2025, Vol. 44文章信息
- 张常喜, 马琴, 张安妮, 陈立娟, 平昕翀
- ZHANG Changxi, MA Qin, ZHANG Anni, CHEN Lijuan, PING Xinchong
- 通心络含药血清对高葡萄糖环境下大鼠心肌成纤维细胞增殖的影响
- To study the effect of Tongxinluo drug-containing serum on the proliferation of rat cardiac fibroblasts under high glucose
- 天津中医药大学学报, 2025, 44(1): 50-58
- Journal of Tianjin University of Traditional Chinese Medicine, 2025, 44(1): 50-58
- http://dx.doi.org/10.11656/j.issn.1673-9043.2025.01.08
-
文章历史
收稿日期: 2024-08-31
2. 暨南大学, 广州 510632;
3. 宁夏医科大学, 银川 750004;
4. 甘肃中医药大学, 兰州 730000
2. Jinan University, Guangzhou 510632, China;
3. Ningxia Medical University, Yinchuan 750004, China;
4. Gansu University of Traditional Chinese Medicine, Lanzhou 730000, China
糖尿病心肌病(DCM)是一种心脏功能结构发生改变的疾病,主要由糖尿病引起,严重者最终可能导致心力衰竭[1]。现如今糖尿病的发病率和发病人群比例在全世界范围内广泛增长,DCM引起的病死率也在逐年上升[2]。研究认为,心肌成纤维细胞过度增殖是DCM患者发生心肌组织病理改变的主要原因[3]。在高葡萄糖环境下,心肌成纤维细胞能够激活心肌组织转化生长因子-β1(TGF-β1)的表达。另有研究表明,TGF-β1-p38丝裂原活化蛋白激酶(p38MAPK)-环磷腺苷效应元件结合蛋白(CREB)信号通路在糖尿病及其相关疾病中发挥重要作用,尤其在平滑肌细胞增殖过程中发挥重要作用[4]。
通心络胶囊是一种中药复方制剂,主要功效为活血益气、通络止痛,且国内外学者在DCM相关疾病领域已经开展了广泛研究[5],但关于TGF-β1/p38MAPK/CREB信号通路的相关研究未见报道。因此,研究采用原代分离大鼠心肌成纤维细胞,以不同浓度的通心络含药血清和阳性对照药物——缬沙坦含药血清处理细胞48 h后,检测心肌成纤维细胞功能及TGF-β1/p38MAPK/CREB信号通路蛋白的变化水平,拟为临床治疗DCM提供新的靶点。

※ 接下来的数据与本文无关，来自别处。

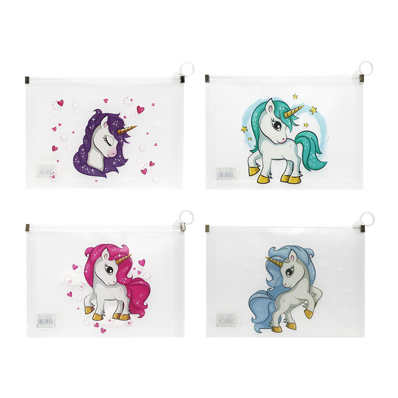 ¡Organizar documentos nunca fue tan divertido! El Porta Documentos Plástico con Cierre Unicornios ITrade viene con un encantador diseño de unicornios rodeado por un cierre de plástico fuerte con el que podrás tener tus documentos de manera segura y estilosa. ¡Organiza y guárdalos con este producto ITrade!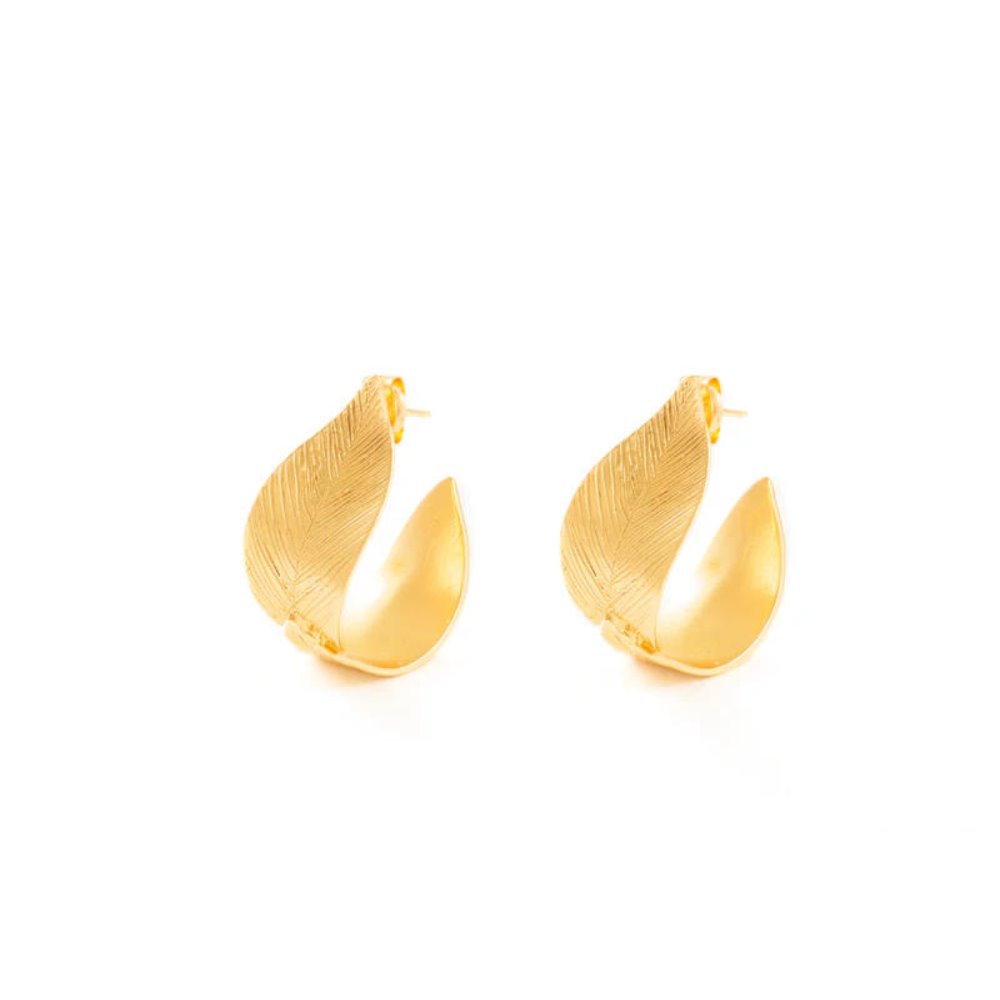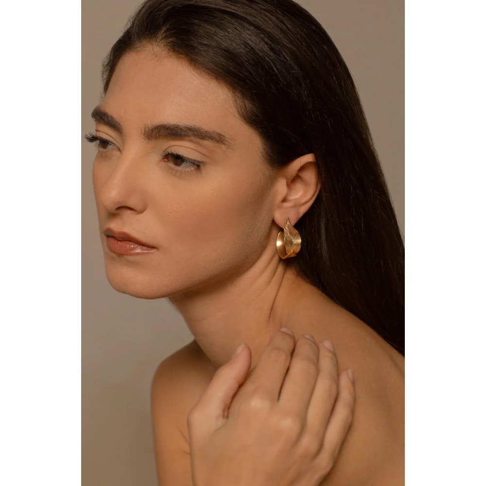 The hoop earrings from the Indian Leaves collection embrace the earlobe with their leaf shape, illuminating the face and adding a natural touch to any outfit. Carefully crafted, they are perfect for those who love organic and authentic beauty. Every detail tells the story of the nature that surrounds us. 24-karat gold-plated bronze Code: A9720
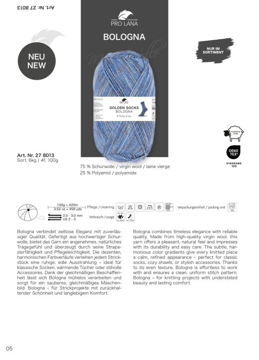 Entdecken Sie die neue, 4-fädige Sockenwolle "Bologna" von Pro Lana. Dezent gemustert, damit sind 2 gleiche Socken überhaupt kein Problem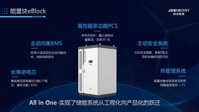基于“all in one”的產(chǎn)品化設(shè)計(jì)理念,奇點(diǎn)能源能量塊eBlock創(chuàng)新性地將長(zhǎng)壽命電芯、高效均衡BMS、高性能多功能PCS、主動(dòng)安全系統(tǒng)、高效熱管理系統(tǒng)融于單個(gè)戶(hù)外布署機(jī)柜,形成了一體化的智慧能量塊產(chǎn)品eBlock,為電化學(xué)儲(chǔ)能行業(yè)提供了一種全新的解決方案。其真正做到了把儲(chǔ)能工程轉(zhuǎn)化為標(biāo)準(zhǔn)化產(chǎn)品,定義了儲(chǔ)能系統(tǒng)集成新標(biāo)準(zhǔn)。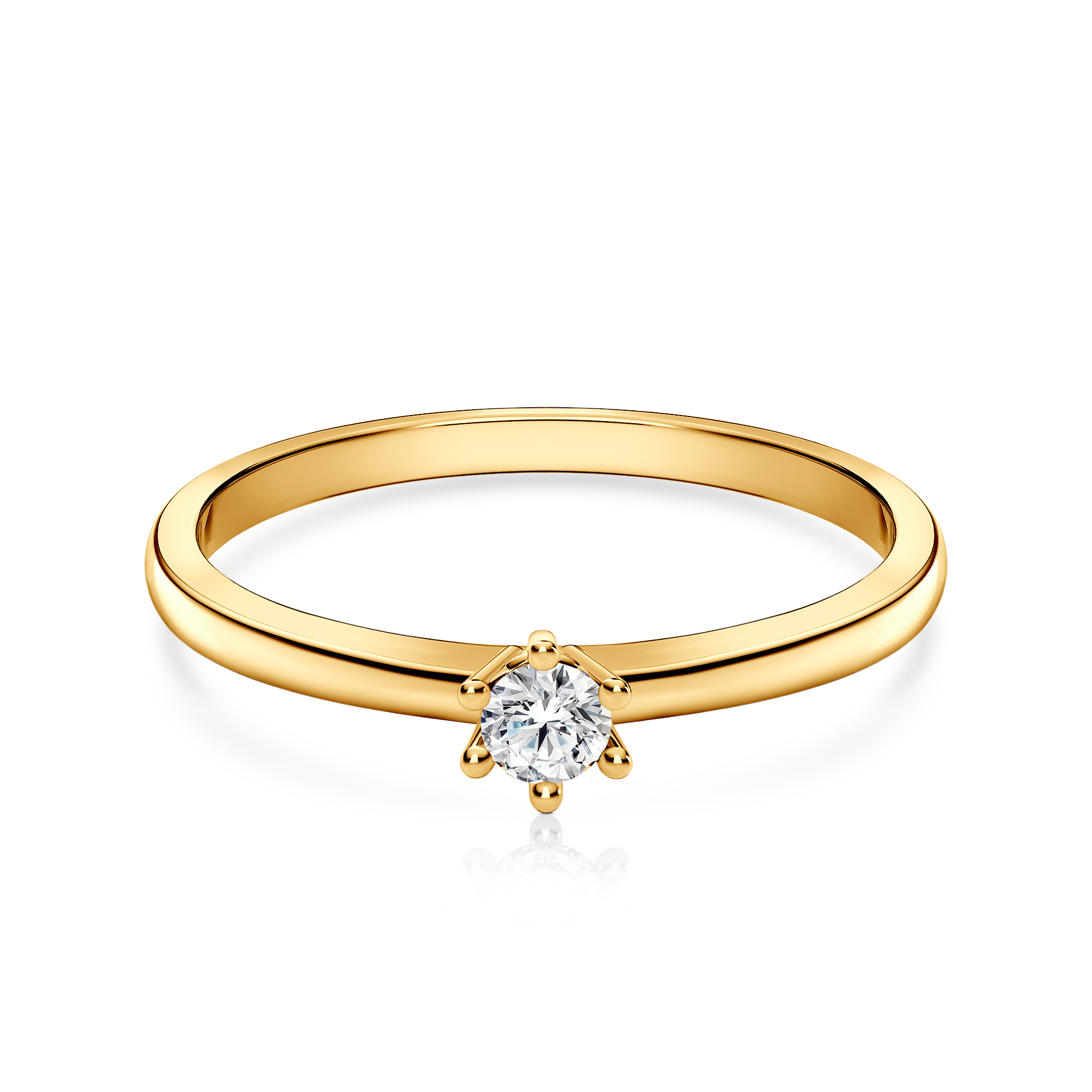 Pierścionek zaręczynowy z centralnie umieszczonym diamentem 0,05 ct o wysokiej jakości szlifie brylantowym i czystości SI2/H. Wszystkie diamenty SAVICKI objęte są wieczystą gwarancją oraz posiadają oryginalny certyfikat jakości. Pierścionek z diamentem został wykonany z 14-karatowego żółtego złota (próba 585).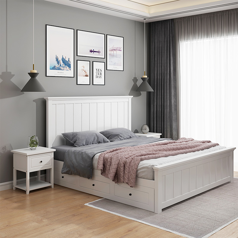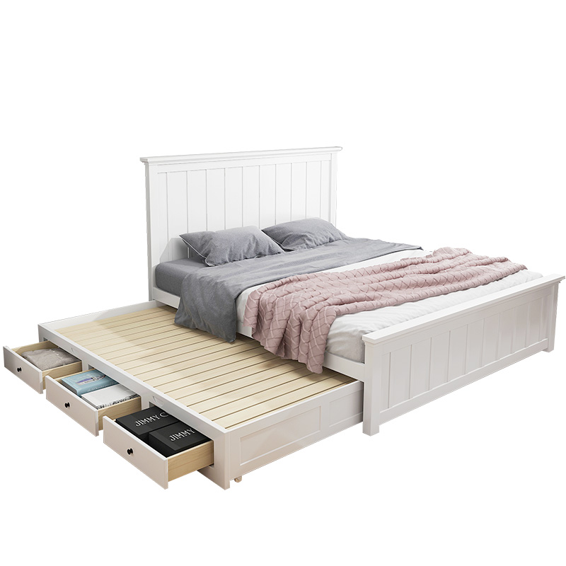 Solid wood bed 1 8 m Double primary-secondary bed minimalist white drawing drawbed with drawer towing bed 1 5 m High case containing bed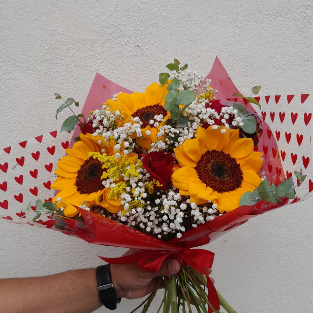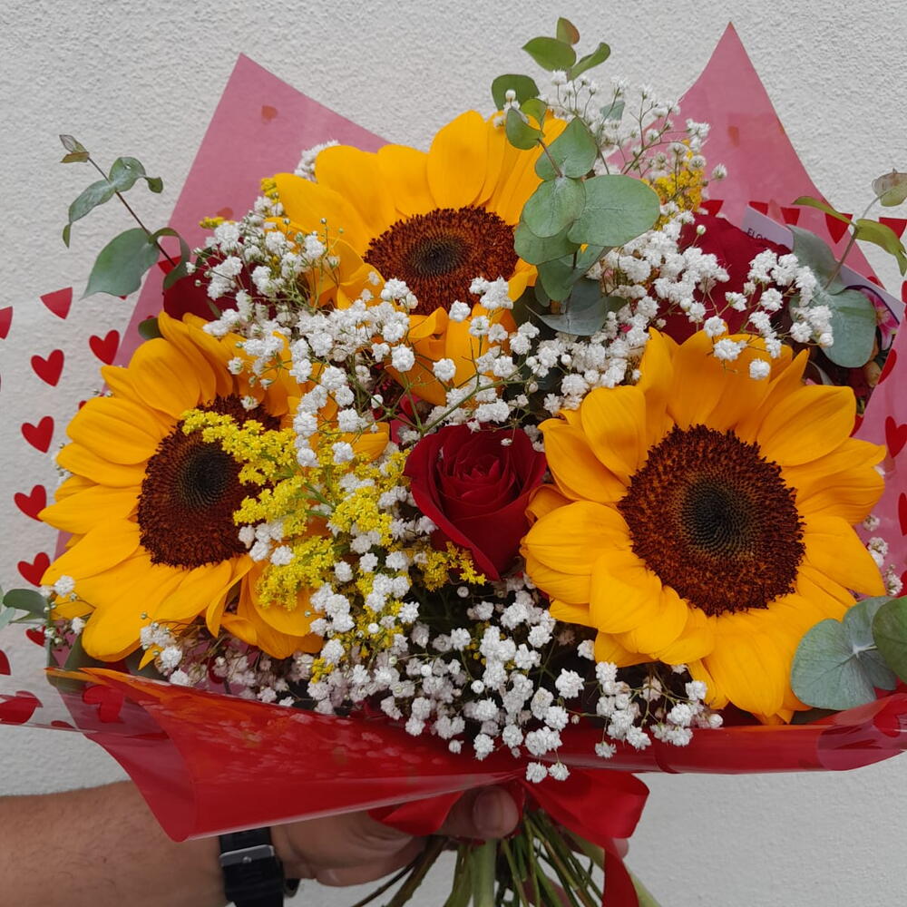 Este encantador buquê composto por 3 unidades de girassol vibrante, 3 unidades de elegantes rosas vermelhas, 8 unidades de folhagem verde complementada por delicadas gipsofilas, promete roubar o coração à primeira vista. Cuidadosamente embalado e finalizado com um laço, este buquê é a escolha perfeita para quem busca transmitir sentimentos de amor, admiração e respeito.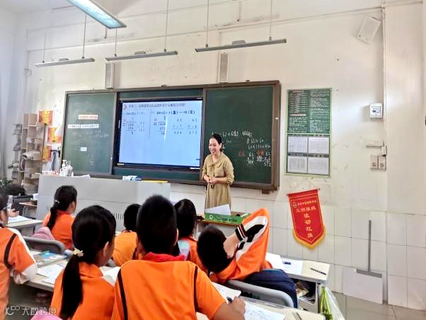 课堂上,黎老师以任务驱动和问题引领,带领四(1)班的孩子们用“四舍”法试商调商,探讨除数是两位数的笔算除法的计算方法。在课堂交流、优化算法的过程中,体会用“四舍”法估算的必要性,明确怎样试商、为什么要试商。借助“四舍”法试商的合作交流中,引导学生感知需要调商的情况,明白为什么要调商、怎样调商。最后通过巩固练习,掌握试商、调商的计算技能,让学生知算法,明算理。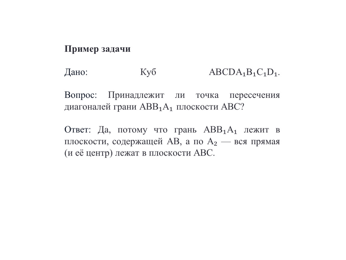 🔹🔹 Линейка на столеПоложите линейку на стол так, чтобы два её края (две точки) касались стола. Вся линейка ляжет плашмя — потому что если две точки прямой (линейки) лежат в плоскости (стола), то и вся прямая (линейка) лежит в ней.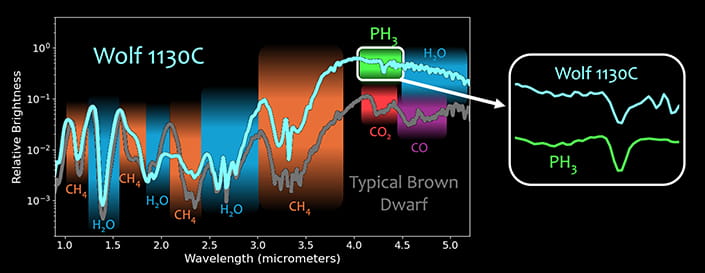 До запуска JWST теоретические модели предсказывали, что фосфин должен быть широко распространен в атмосферах газовых гигантов и коричневых карликов — объектов, занимающих промежуточное положение между планетами и звездами. Эти предсказания основывались на процессах турбулентного перемешивания, характерных для таких атмосфер. Однако наблюдения за другими экзопланетами и коричневыми карликами с помощью JWST не подтвердили ожидаемого обилия фосфина, что указало на пробелы в понимании химии фосфора. Ситуация изменилась, когда телескоп направил свои инструменты на систему Wolf 1130ABC, расположенную в 54 световых годах от Солнца в созвездии Лебедя. Коричневый карлик Wolf 1130C, вращающийся вокруг двойной звездной системы (холодной красной звезды Wolf 1130A и массивного белого карлика Wolf 1130B), оказался уникальным объектом благодаря низкому содержанию металлов — элементов тяжелее водорода и гелия.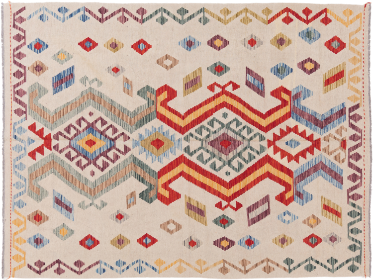 Teppenummer: 2942950046599 Størrelse: 205x153 cm Tykkelse: ca. 3 mm Bearbeiding: Handwoven Søm: Håndspunnet Ull Kjede: Ull Opprinnelse: Afghanistan Alder: Nytt Vekt: ca. 5 kg Også kjent som Kilim, Qilim, Chilim, Afgan, Afghán Antall på lager: Unikt - Kun 1 stk i lager

1 材料与方法 1.1 实验材料与仪器大鼠心肌成纤维细胞(Zvast-Bio);波形蛋白(Vimentin,10366-1-AP,Proteintech);TGF-β1(AF1027,Affinity);山羊抗兔免疫球蛋白G(IgG)cy3(AS007,ABdonal);GlutaMAXTM(10565018,gibco);细胞增殖及毒性检测(CCK-8)细胞增殖检测试剂盒(KGA317,凯基生物);鼠抗β-Actin(HC201,TransGen Biotech);辣根过氧化物酶(HRP)标记的山羊抗小鼠(H+L)(GB23301,Servicebio);兔抗TGF-β1(AF1027,Affinity);兔抗磷酸化p38MAPK(p-p38MAPK,AF4001,Affinity);兔抗磷酸化CREB(p-CREB,AF3189,Affinity);荧光显微镜(CKX53,OLYMPUS);倒置荧光显微镜(MF53,广州市明美光电有限公司);NovoCyteTM流式细胞仪[NovoCyte 2060R,艾森生物(杭州)有限公司];多功能酶标分析仪(SuPerMax3100,上海闪谱生物科技有限公司);全自动酶标仪(WD-2102B,北京市六一仪器厂);蛋白垂直电泳仪(DYY-6C,北京市六一仪器厂);恒温摇床(TC-100B,上海领成生物科技有限公司);超高灵敏度化学发光成像系统[Chemi DocTM XRS+,伯乐生命医学产品(上海)有限公司];全自动化学发光图像分析系统(Tanon-5200,上海天能科技有限公司)。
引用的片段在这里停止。